The Accounting Review 1992 67(3), 511-526
[Organizational theorists have posited a positive relationship between employee performance and participation in budgeting or goal setting (Argyris 1952; Becker and Green 1962). In examining this proposition, empirical research has studied the motivational and cognitive mechanisms by which participation may be related to employee performance (Locke et al. 1986; Murray 1990). Cognitive mechanisms include factors such as the acquisition and use of information and comprehension of job requirements (Locke et al. 1986). Kren and Liao (1988) argue that empirical accounting research has generally focused on the motivational effects of participation. In general, results have been mixed (Murray 1990). While Merchant (1981) found a positive relationship between motivation and participation, Brownell and McInnes (1986) did not find such a relationship. The results prompted Brownell and McInnes to suggest that future research should examine performance benefits of participation that are not mediated by motivation. Recently, accounting researchers have studied the role of cognitive factors in explaining the relationship of participation to performance. Chen-hall and Brownell (1988), for example, found that budgetary participation provided information that reduced role ambiguity that contributed to improved performance, and Mia (1989) found the relationship between participation and performance to be moderated by job difficulty. The objective of this article is to examine the perceived level of job-relevant information as an intervening variable between budgetary participation and individual performance. Job-relevant information (JRI) is information that facilitates job-related decision making. The results of this study, based on a questionnaire survey of division managers in large corporations, suggest that participation affects performance, not directly, but through JRI. In addition, this positive performance effect of participation persists and is more pronounced when environmental volatility is high, although the results do not provide unambiguous evidence.]
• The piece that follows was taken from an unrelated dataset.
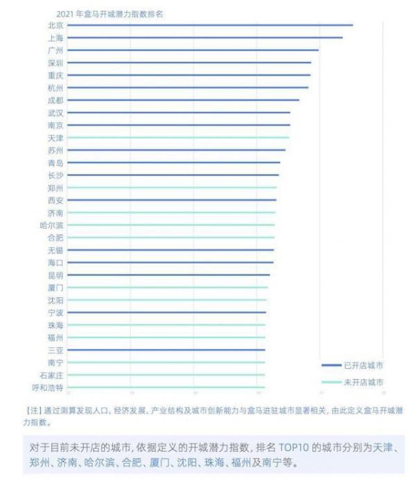 贝壳研究院通过分析盒马的进驻城市,发现开城与人口、经济发展、产业结构和城市创新能力等多种因素相关。因此推测未来入驻排名前十的城市为天津、郑州、济南、哈尔滨、合肥、厦门、沈阳、珠海、福州及南宁等。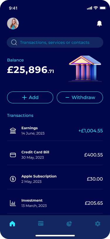 A finance app for easy expense tracking, budgeting, and investment monitoring, with personalized recommendations to help you reach your financial goals.

A Perspective on Research in Governmental Accounting

The Accounting Review 1992 67(3), 496-510
[According to the December 1991 issue of the Survey of Current Business, expenditures of state and local governments account for more than 11 percent of the U.S. gross domestic product. Moody's 1991 Municipal Manual indicates that these governmental entities have an outstanding debt now approaching $800 billion, and a report by the Public Securities Association (1987) indicates that this debt grew at a compound annual rate of 12 percent from 1966 to 1986. State and local governmental activities continue to increase in magnitude, and evidently form an important part of the political and economic environment in which accounting operates. Important accountability issues distinctive to these organizations need accounting research attention. The articles by Feroz and Wilson and Deis and Giroux in this issue, which we have been invited to review, address some of these topics. The study by Feroz and Wilson can be regarded as an extension to the public sector of capital-market-based research that examines the effects of financial-accounting disclosures on security prices and returns. They hypothesize segmentation of the market for municipal obligations along national and regional lines and study the effects of differential information disclosure on borrowing costs. In the other study, Deis and Giroux utilize quality reviews that were conducted by the Texas Education Agency to evaluate and rate the audits (by public accountants) of public schools' financial reports. They test hypotheses about audit quality that were originally developed in the context of commercial firms. Both studies thus represent extensions of theories and methods used in research of private-sector accounting and auditing issues. The contributions of the two articles are discussed, and modifications that consider the unique aspects of governmental accounting are presented in sections I and II. Other possible avenues for research are discussed in section III.]